An example of a typical individual-level longitudinally sampled data set from a study population is shown in Fig 1: each ‘row’ represents a patient, x-axis is time, and dots are the genomes sampled at multiple time points. Dot color refers to different, easily distinguishable, sequence types (ST). The coloured number between two consecutive samples reflects the distance between the genomes, and we see that even within the same ST the distances may vary considerably, and, therefore, determining whether the changes can be explained by within-host evolution only, is challenging. Intuitively, if two genomes are very similar, we interpret this as a single strain colonizing the host, as these isolates are drawn from a closely related population resident in the niche from which sampling has taken place. On the other hand, two very different genomes, even if the same ST but with enough diversity that the most recent common ancestor resided outside the host, are interpreted as two different strains, obtained either jointly or separately as two acquisitions. With these data, we would like to address questions including: to what extent are people persistently colonized, cleared, and recolonized? If recolonized, what is the likelihood that it is the same or a distinct strain? To address these questions, prior work has relied on using a threshold number of single nucleotide polymorphisms (SNPs) to define a strain. Optimally, however, the SNP distance between the genomes observed and the interval between the sampling time defines a probability that the two genomes represent the same strain. Such data are critical for understanding within-host dynamics, response to interventions, and transmission.

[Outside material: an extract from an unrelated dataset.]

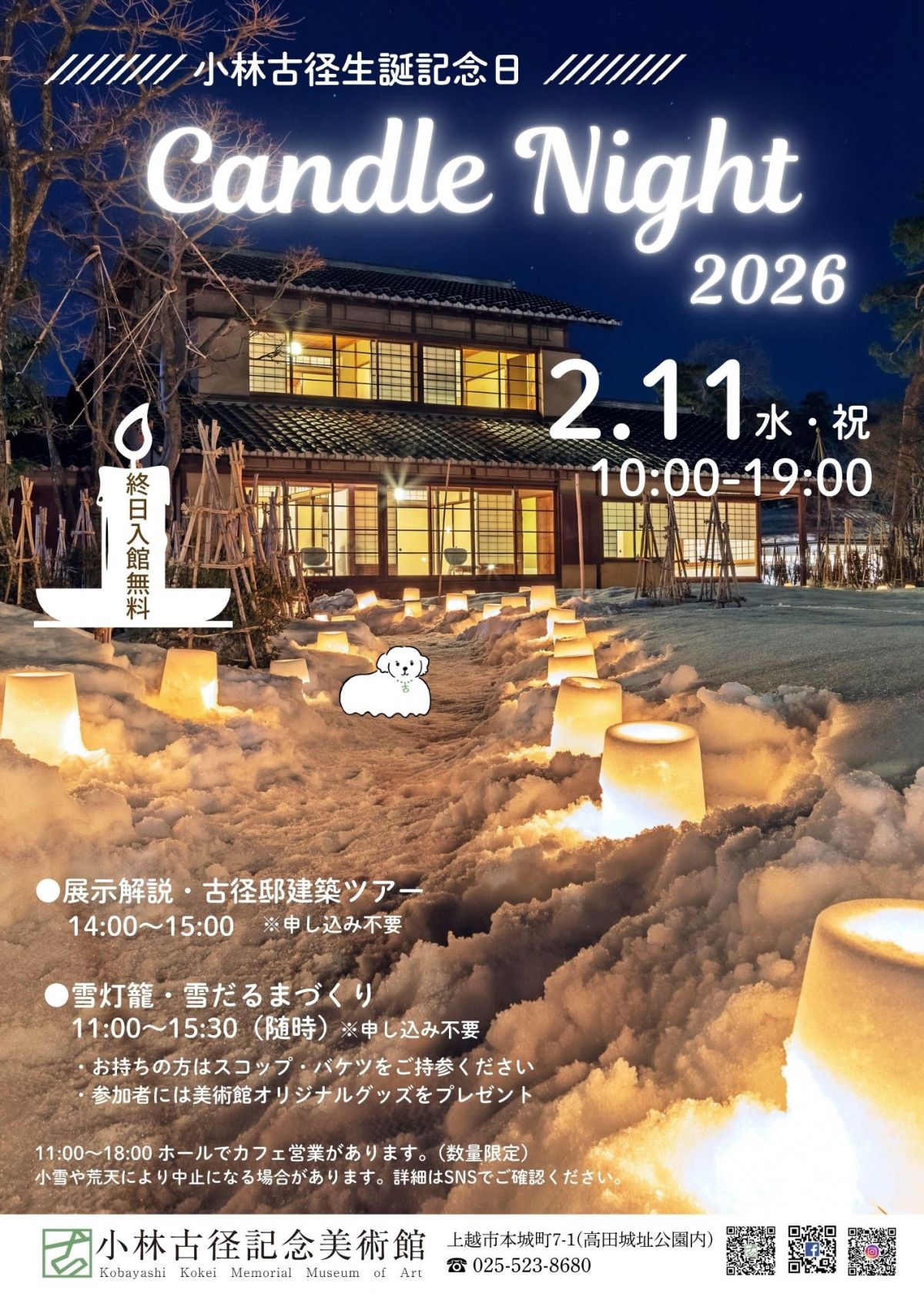 小林古径の生誕日を記念して、庭園に作った雪灯籠にあかりをともし、冬の美術館を彩ります。当日は終日、入館無料です。

Each row in panel A corresponds to one patient. Only the first 20 patients are shown. R0 is the initial hospital visit and V1, V2, etc. are the subsequent visits. Red colour refers to ST5 and blue to ST8. The numbers show the number of mutations *d*_{i} between consecutive isolates. The samples were obtained from nares swabs and represent single colonies. Dashed black colour highlights cases where the ST changed from ST 5 to ST 8. Panel B shows the frequencies of observed distances *d*_{i} between consecutive samples. These distances were used for model fitting.

Previously, transitions between different colonizing bacteria have been modeled using hidden Markov models [13] with states corresponding to different colonizing STs. However, this approach is not suitable for modeling within a single ST, where acquisition and clearance must be determined based on a small number of mutations. Crucial for interpreting such small differences is a model for within-host variation [8, 14], specifying the number of mutations expected by evolution within the host. Population genetic models can be used for understanding the variation in an evolving population [15]. A major difficulty in fitting such models to data like those shown in Fig 1 is that the information contained by the data is extremely limited regarding the variation within the host: a single time point is summarized with just a single (or a few) genomes, and must serve to represent the whole within-host population. While some studies use genome sequence from multiple isolates to achieve a more complete characterization of within-host diversity [3, 10], these tend to be limited in terms of the number of time points and/or patients.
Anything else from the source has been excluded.